Slow progress in mental health service as tide goes out on Victorian-era hospitals
Base funding
But if these posts are to have a real impact, observers point out that base funding for the sector cannot be allowed to keep falling. Appointing additional staff to community mental health teams at a time when the original team membership is being reduced is like pouring water into a bucket full of holes.
There are many encouraging developments on the ground. The independent monitoring group found evidence of many local and regional “bottom-up” initiatives providing high-quality community services and led by local leadership. Older facilities not fit for purpose are also being closed down. There is major progress in delivering long-neglected child and adolescent mental health services. It’s not all gloomy, by any means.
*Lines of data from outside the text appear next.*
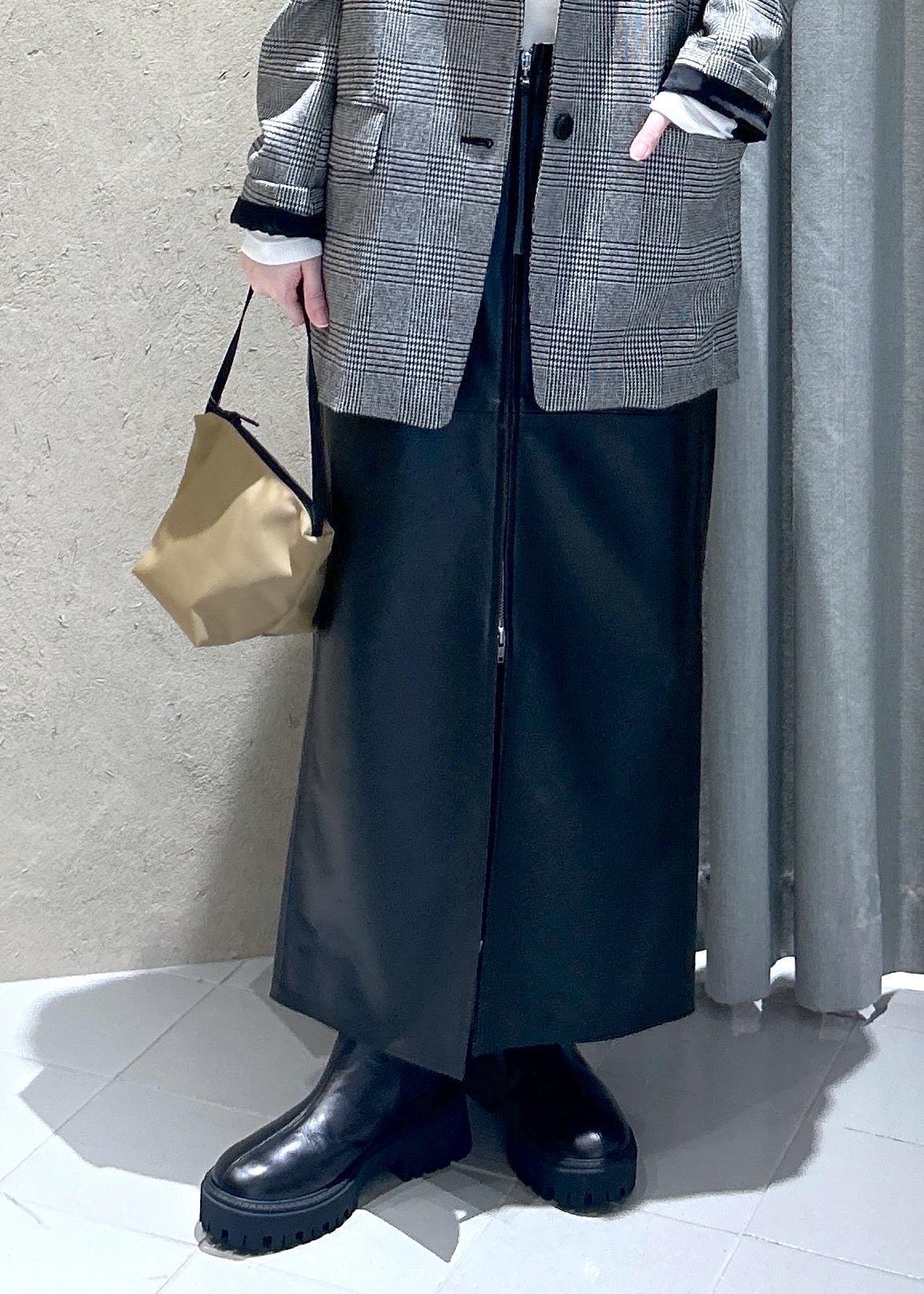 チャックを締めてスカートとしてもよし、チャックを少し上げてパンツとレイヤードしても素敵です◎
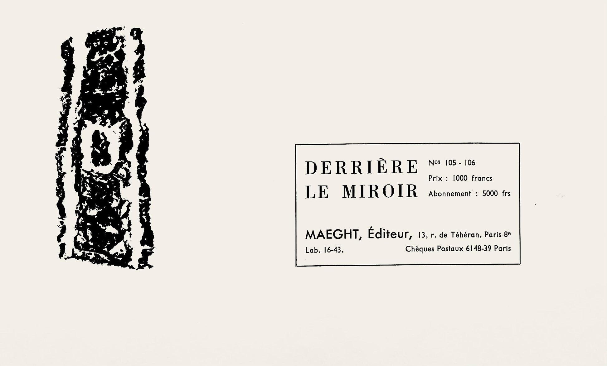 Aim Maeght, initiator of Derrire le Miroir, had already made few attempts to start publications illustrated with fine printed lithographs in colours in the years prior to the launch of Derrire le Miroir.
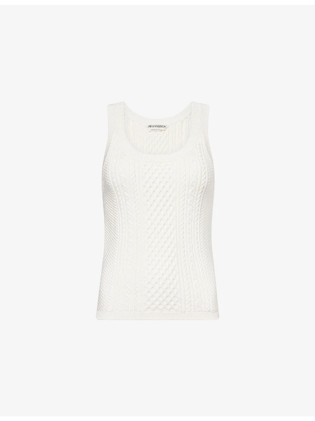 PRODUCT DETAILS - JW Anderson cable-knit tank top - 83% viscose, 17% polyester - Regular fit, round neck, sleeveless, shoulder straps, all-over cable knit, ribbed trims - Dry clean - Made in Italy - True to size - Model is 5ft 10in/1.78m and wears a size small - Midweight, stretchy Ref: R04569603
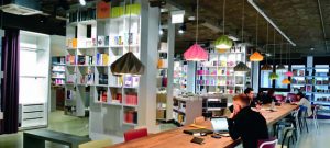 Magazzino e Box. Ecco l’esempio perfetto di come gli spazi della nuova contemporaneità uniscono diversi servizi e si propongono come contenitori di funzioni diverse. Uno spazio ibrido in cui poter mangiare e bere, leggere ed acquistare, incontrarsi e lavorare. Il design è decisivo in spazi con diverse funzioni, proprio perché diventa più complesso unire i differenti servizi che costituiscono ambiti eterogenei. Come sempre è importante rendere lo spazio omogeneo e confortevole. Gli arredi della libreria sono bianchi, semplici, ed aderiscono alle pareti bianche dando risalto ai libri. I grandi tavoloni sociali per lavorare e leggere sono di legno con sedie colorate e tutte diverse; qui troviamo l’aspetto caldo in materiali e colori. L’intervento è stato progettato in maniera intelligente, con impianti a vista senza controsoffitti e pavimento economico e durevole. Le lampade sono di design, tutte diverse nei colori e posizionate a diverse altezze come palloncini colorati. Altra nota di colore sono alcune pareti che segnano qualche funzione o fanno da retro a desk. C’è un elemento che accomuna tutti questi spazi, ed è la diversificazione negli arredi: maggiori sono i servizi e maggiori sono gli utilizzi dello spazio che deve trasformarsi in maniera flessibile. Diverse tipologie di sedute caratterizzano questi locali rendendoli comodi sia per chi va a bere una tazza di the sia per chi va a studiare o lavorare. Quindi uno spazio con più funzioni deve prevedere una grande diversificazione di arredi e scenari in modo da poter soddisfare al meglio e con comfort i diversi modi di usufruire dello spazio.
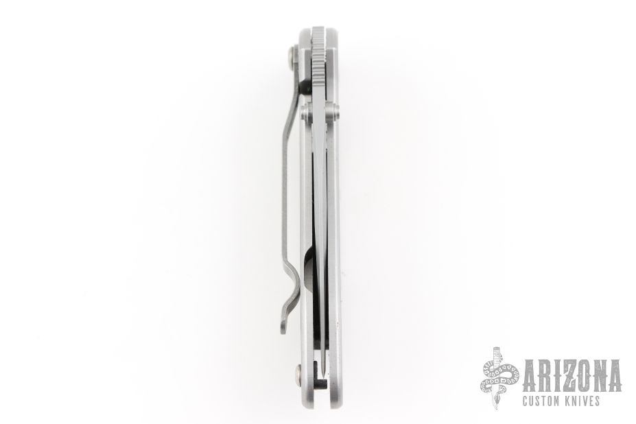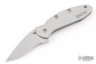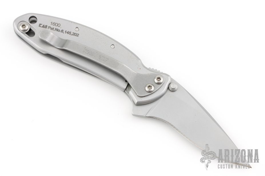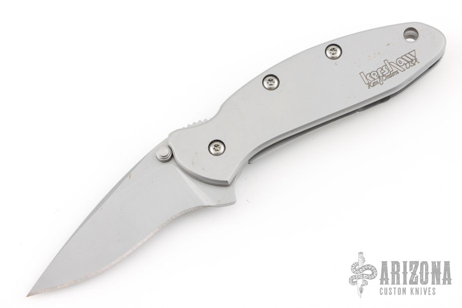 This Chive by Kershaw knives has a bead blast blade with notched thumbrest and flipper. The handle has a bead blast aluminum frame and tip down clip. Has some scuffs, scratches, and some patina. Good condition otherwise.
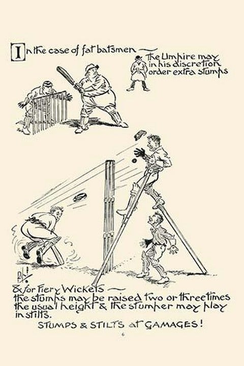 To accommodate tall or fat players, the Umpire may require use of stilts or stumps.1919/UK
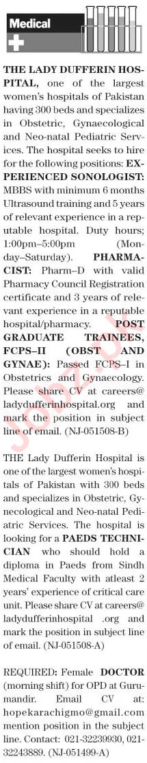 Latest Hospital Clinic Medical Posts Karachi 2025
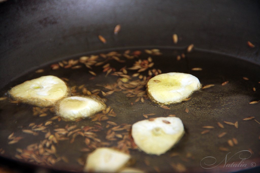 | На сковороде нагреваем масло около 1 минуты. Добавляем порезанный чеснок и кумин. Когда вокруг долек чеснока появятся пузырьки, но он еще не изменит цвет, выключаем огонь. | |
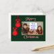 This easy to personalise Merry Christmas post card is accented with two Christmas tree ornaments on a dark green background to the left of your image. Change the colour and style of the type in your text in the message box on the other side. Postage is ridiculously expensive - postcards are less expensive to buy AND to mail!

The experiences of former patients such as Miriam O’Shea are an example of how a recovery approach to mental health service can work for some.
She has had several admissions to psychiatric hospital over the past two decades. But only now does she feel she has made real strides in recovering, largely through her own initiative and the support of others former patients in county Cork.
“I’m a human being with emotional distress. But the system gives you a label and then goes on to give you even more labels. Your choices are taken away,” she said. “Groups like MindFreedom Ireland make you realise that you do have choices.”
She finds music and art therapy particularly therapeutic. She takes part in “A little help from my friends”, a weekly meeting in which participants play musical instruments. There’s also the Next Step, a drop-in centre that uses arts and crafts to help boost people’s self-esteem and confidence. It might not work for everyone but she says it has for her.
“Looking back, I really don’t think I was mentally ill. I had a lot of loss in my life, culminating in losing the rearing of my son to an open adoption . . . I feel now that I needed to address that grief, rather than medicating it.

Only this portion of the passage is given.